Below are some records. Return exactly their lines from the one containing "Señor presidente, a" through the one containing "One caller allegedly", and drop the pictures.

# [DATA TO USE]

········

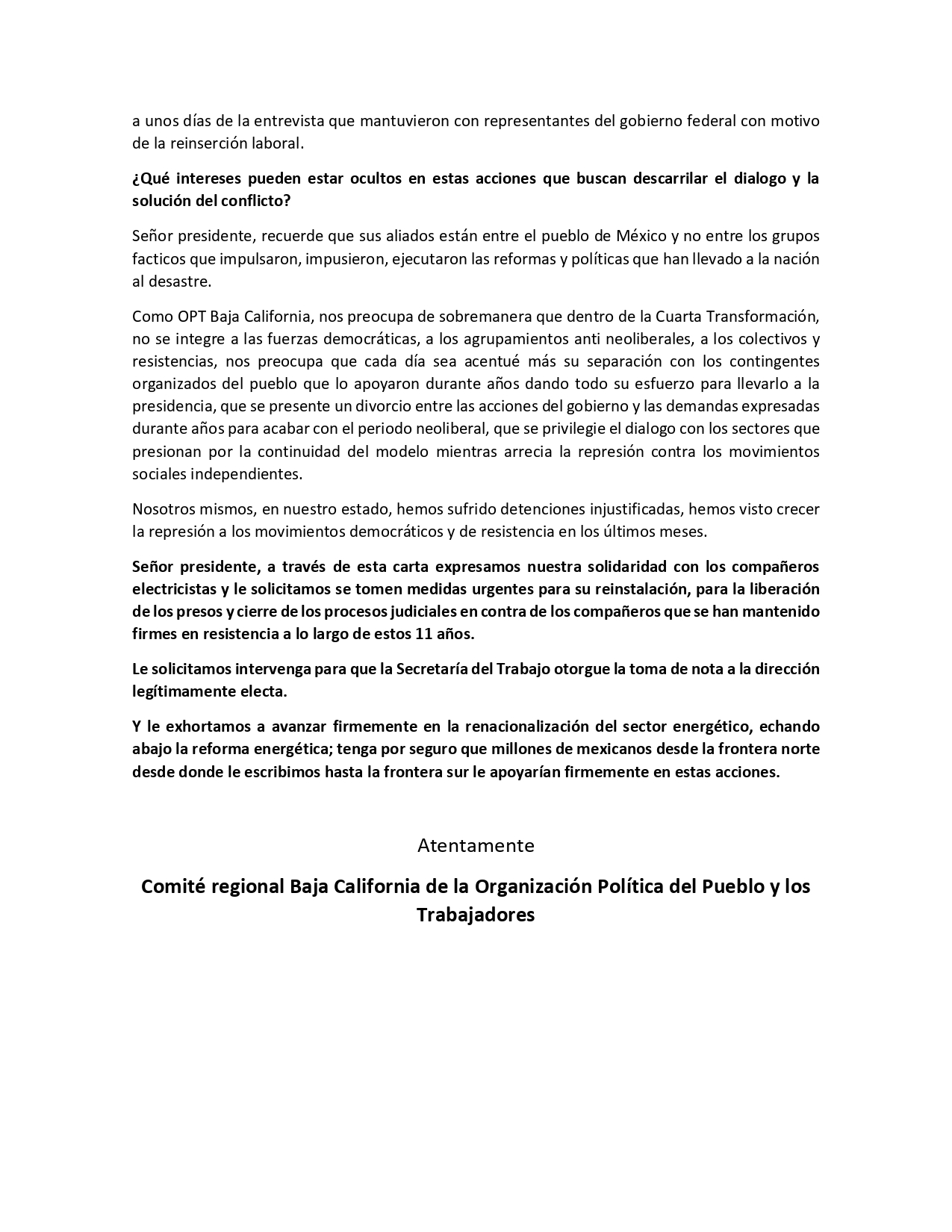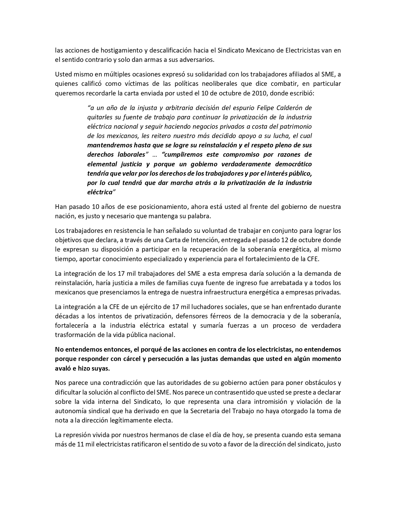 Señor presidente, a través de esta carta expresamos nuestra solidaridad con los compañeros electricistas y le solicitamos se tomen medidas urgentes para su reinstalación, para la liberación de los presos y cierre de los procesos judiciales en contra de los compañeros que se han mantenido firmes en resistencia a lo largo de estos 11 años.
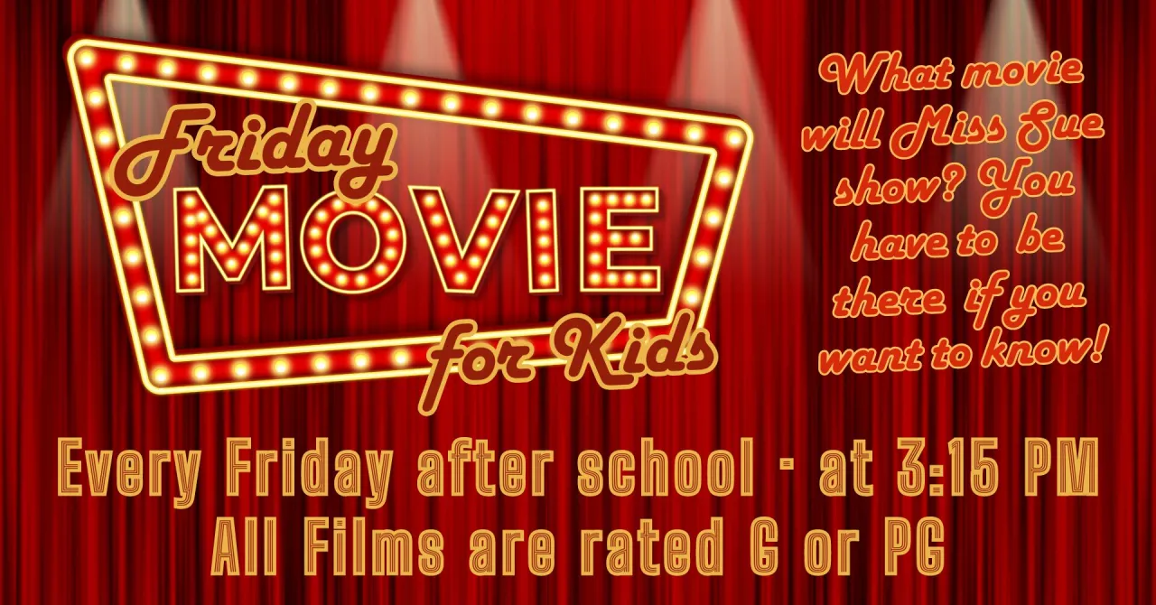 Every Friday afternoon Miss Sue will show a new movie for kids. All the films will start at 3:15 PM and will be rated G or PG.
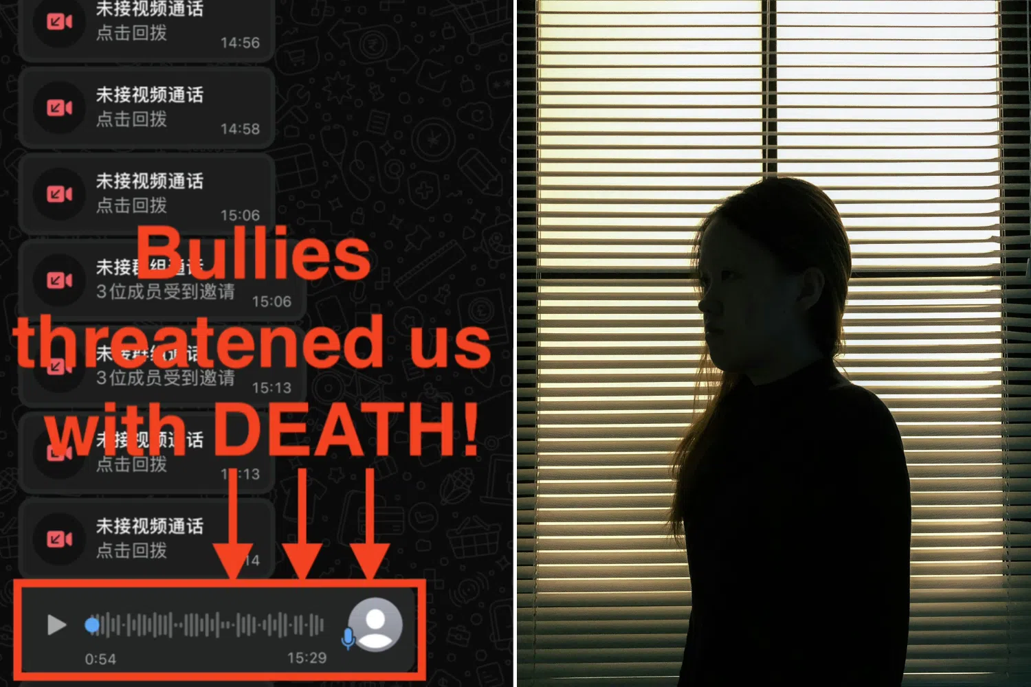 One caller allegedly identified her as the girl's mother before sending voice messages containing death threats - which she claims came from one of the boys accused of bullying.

········

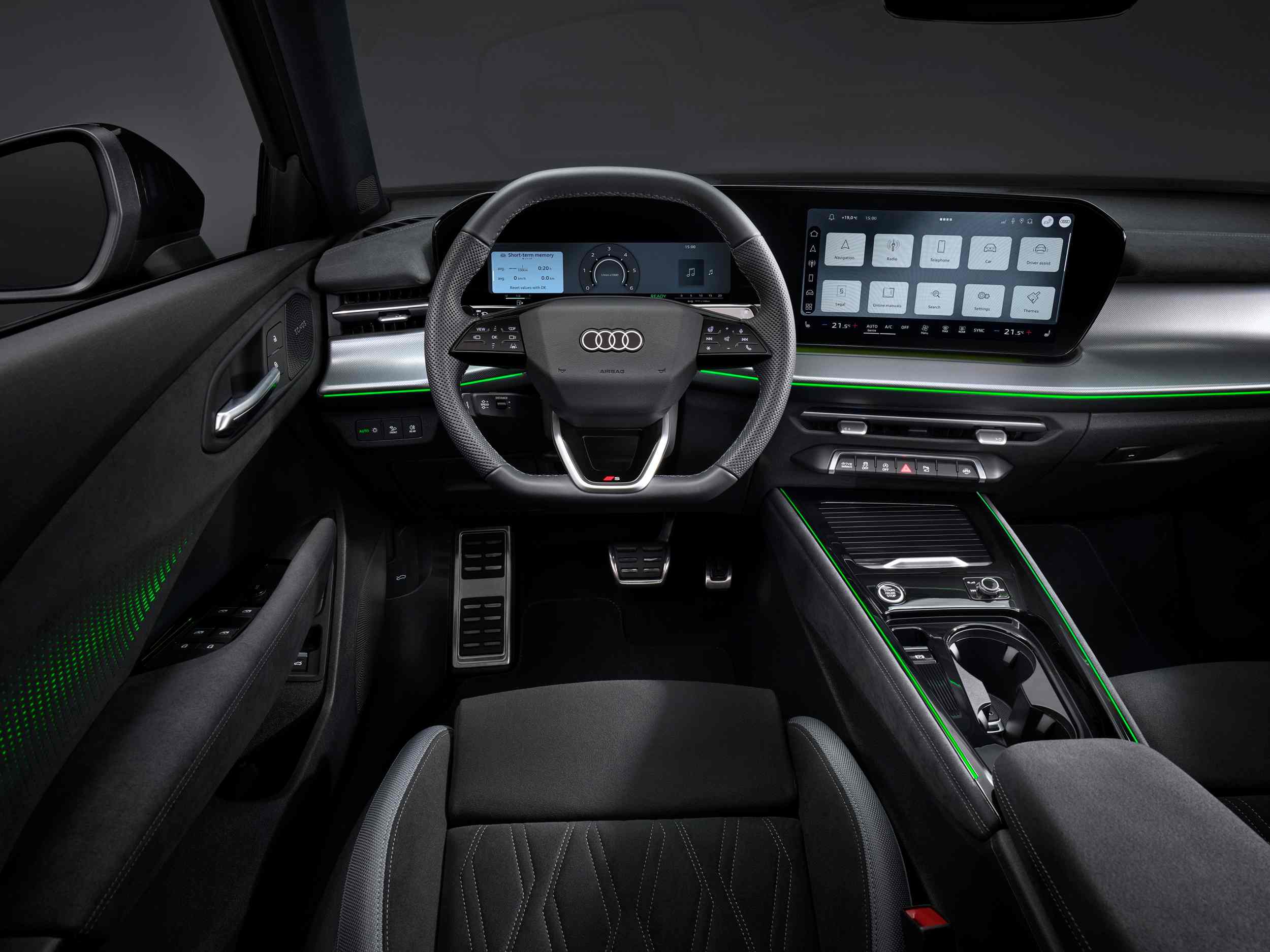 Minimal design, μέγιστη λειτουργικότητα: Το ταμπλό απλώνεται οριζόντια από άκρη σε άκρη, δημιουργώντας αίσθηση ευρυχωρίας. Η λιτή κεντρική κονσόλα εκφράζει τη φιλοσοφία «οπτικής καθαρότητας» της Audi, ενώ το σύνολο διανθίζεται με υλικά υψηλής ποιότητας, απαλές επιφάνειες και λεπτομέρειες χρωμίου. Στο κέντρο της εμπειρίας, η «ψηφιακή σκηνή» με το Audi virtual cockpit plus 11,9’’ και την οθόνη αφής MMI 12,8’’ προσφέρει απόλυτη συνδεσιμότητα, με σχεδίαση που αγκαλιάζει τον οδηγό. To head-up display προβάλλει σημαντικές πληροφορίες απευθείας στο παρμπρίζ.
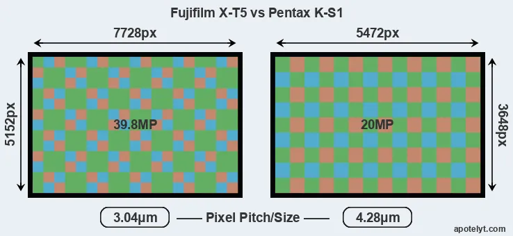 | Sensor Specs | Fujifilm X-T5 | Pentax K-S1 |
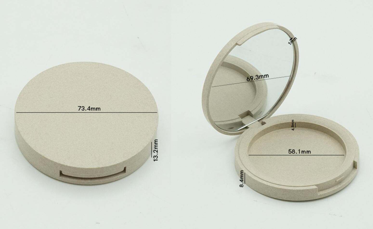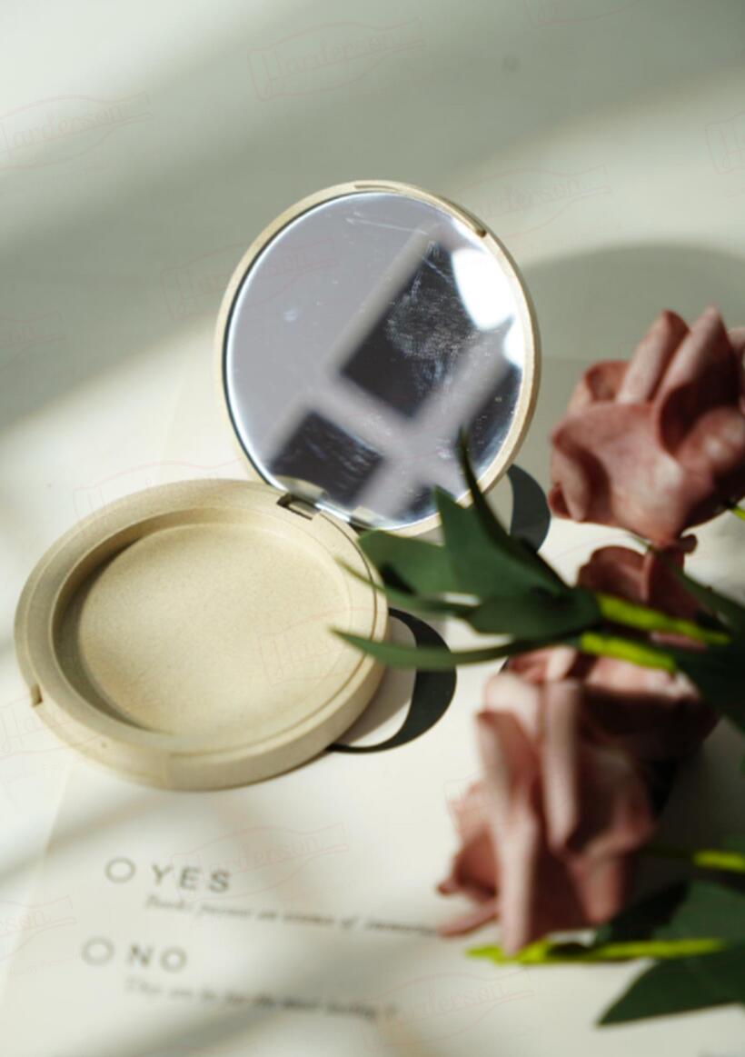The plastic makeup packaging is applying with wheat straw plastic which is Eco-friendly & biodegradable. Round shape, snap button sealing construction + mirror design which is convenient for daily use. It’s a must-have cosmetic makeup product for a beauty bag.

········

# [EXERCISE ANSWER]
 Señor presidente, a través de esta carta expresamos nuestra solidaridad con los compañeros electricistas y le solicitamos se tomen medidas urgentes para su reinstalación, para la liberación de los presos y cierre de los procesos judiciales en contra de los compañeros que se han mantenido firmes en resistencia a lo largo de estos 11 años.
 Every Friday afternoon Miss Sue will show a new movie for kids. All the films will start at 3:15 PM and will be rated G or PG.
 One caller allegedly identified her as the girl's mother before sending voice messages containing death threats - which she claims came from one of the boys accused of bullying.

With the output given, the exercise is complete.